文摘Objective To study DNA ploidy and genetic changes in the different stages of neoplastic growth in the vocal cord, as well as their biological behavior, for further recognition of the lesions of carcinoma in situ and early carcinoma. Methods 18 tumor lesions of the vocal cord were DNA analyzed by laser scanning cytometry and followed up, and 62 lesions were immunohistochemically investigated for p53, Ki67 and Bcl-X, and with main observation on carcinomas in situ (CISs) and early microinvasive carcinomas (EMICs) which were compared with invasive carcinomas and polyps. Results DNA analysis showed that almost all the CISs and EMICs were diploidy, while 90% invasive carcinomas were aneuploidy. Follow-up data displayed that no one died of the tumor in CIS and EMIC, as well as in the patients with diploidy tumor, and all the patients died of the tumors were with anueploidy tumor.

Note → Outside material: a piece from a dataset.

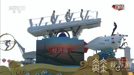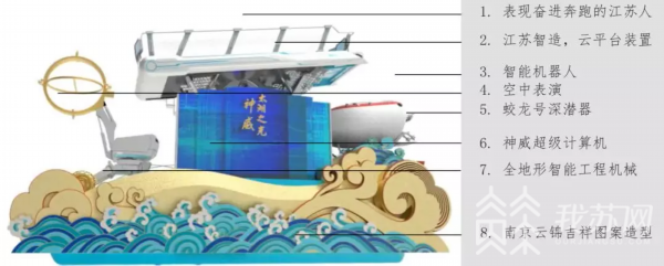 花车顶部,6个奔跑着的人,代表着江苏人民不断奋进、百折不挠、奋力创新的精神意象。花车尾部,展示了徐工研发的国内首个变形机械模型,习近平总书记视察时曾亲切的称之为“小螳螂”。同时,蛟龙号深潜器、神威太湖之光计算机模型也悉数展出,再现了江苏国内领先的科技实力和发达的制造业。花车底部,更有精美的水波纹设计,彰显江苏江河湖海俱全、水乡水韵的区域特征。

Immunohistochemically, 86% of CIS and EMIC and 91% of invasive carcinoma expressed p53 protein, and the positivities for Ki67 in them were respectively 29% and 27%, which were very significantly different from those of polyps of the vocal cord(P<0.001). In contrast, expression of Bcl-X were decreasing from benign to malignant lesions, and it was lowest in the invasive carcinomas, significantly different from that of polyp(P=0.002). Conclusion The present study showed that there were differences of DNA ploidy and genetic expressions among benign lesions, CISs and EMICs, and invasive carcinomas of the vocal cord, indicating that they might be different in biological entities. CIS of the vocal cord could be considered as a borderline lesion, and is better to receive conservative treatment. Moreover, p53 protein determination combined with Ki67 would be helpful in diagnosis of the carcinomas of the vocal cord.